Thanks for any pointers.


Marc-Michael Brandis
Computer Systems Laboratory, ETH-Zentrum (Swiss Federal Institute of Technology)
CH-8092 Zurich, Switzerland
email: brandis@inf.ethz.ch

jfc@athena.mit.edu (John F Carr) (02/12/91)

In article <24518@neptune.inf.ethz.ch> brandis@inf.ethz.ch (Marc Brandis) writes:
>As I understand the hardware documentation, the MMU does in fact detect the
>illegal access, so the whole thing can only be a matter of the operating system.

The problem is, page zero is mapped and readable.  The MMU detects no
exception.

>Is there a way to turn this off so that all accesses to unmapped pages report
>an exception, not only writes?

There doesn't appear to be a way in the current OS version to unmap page
zero.  Even using the linker -T and -D flags to move the program text and
data out of page zero doesn't help (it doesn't put anything in page zero,
but it leaves it accessible).

Speculation: IBM found too many things broke when they made NULL pointer
dereferences trap.  The documentation even says that *(int *)0 == 0.  AIX
1.1 made NULL pointer reads trap, and IBM changed this for AIX 1.2 to allow
reads from location 0.  I don't know if the AIX 1 developers talk to the AIX
3 developers or not.

--
    John Carr (jfc@athena.mit.edu)

brandis@inf.ethz.ch (Marc Brandis) (02/12/91)

In article <1991Feb12.033513.27494@athena.mit.edu> jfc@athena.mit.edu (John F Carr) writes:
>The problem is, page zero is mapped and readable.  The MMU detects no
>exception.
>
>Speculation: IBM found too many things broke when they made NULL pointer
>dereferences trap.  The documentation even says that *(int *)0 == 0.  AIX
>1.1 made NULL pointer reads trap, and IBM changed this for AIX 1.2 to allow
>reads from location 0.  I don't know if the AIX 1 developers talk to the AIX
>3 developers or not.

It is not just that page zero is mapped.
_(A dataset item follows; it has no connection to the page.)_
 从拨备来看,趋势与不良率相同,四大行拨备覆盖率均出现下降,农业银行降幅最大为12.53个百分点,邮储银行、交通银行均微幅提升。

Programs that are compiled and linked
without any special options get the start of the text segment at address 
0x10000000 and the start of the data segment at 0x20000000. The stack seems to
grow downwards from 0x2ffffffc. I wrote a small C program that tries to read
from each page starting at 0. It did not stop until it reached the page at
address 0x20044000, which is just above the end of the data segment.

Looking at this, it seems that the OS maps just everything below the data 
segment as readable as well as an area suitable for the stack (which was 
0x2df80000 up to 0x2ffffffc for my test program). 
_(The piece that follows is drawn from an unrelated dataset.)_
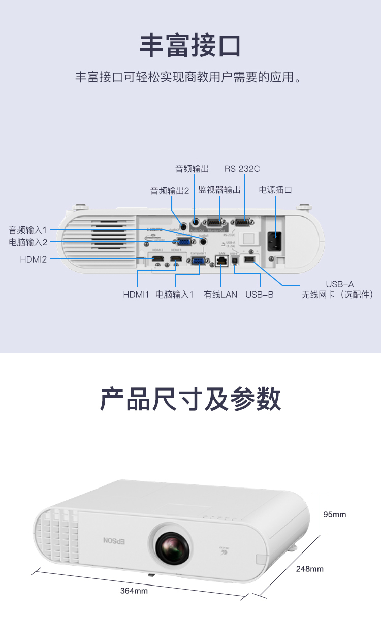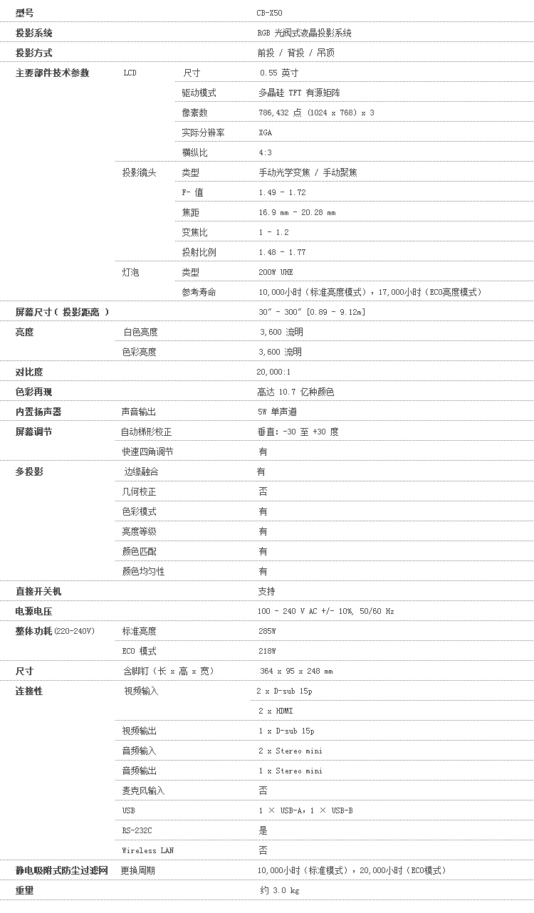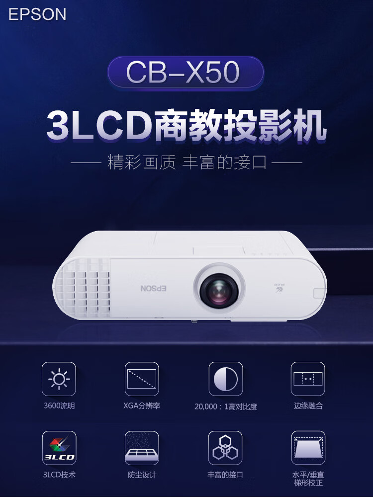 愛普生(EPSON)CB-X50 3LCD商教投影機 投影儀 (3600流明/XGA/內(nèi)置邊緣融合投影功能)【標(biāo)配】

These pages cannot all be mapped when the program starts, as this would mean
that several hundred megabytes of memory would have to be mapped. Since the
inverted page table architecture of the S/6000 does not easily allow sharing
of pages, this would result in an awful lot of real memory used up for this
purpose. Considering the high amount of paging activity when I am running my
test program, it seems that the pages become allocated when accessed.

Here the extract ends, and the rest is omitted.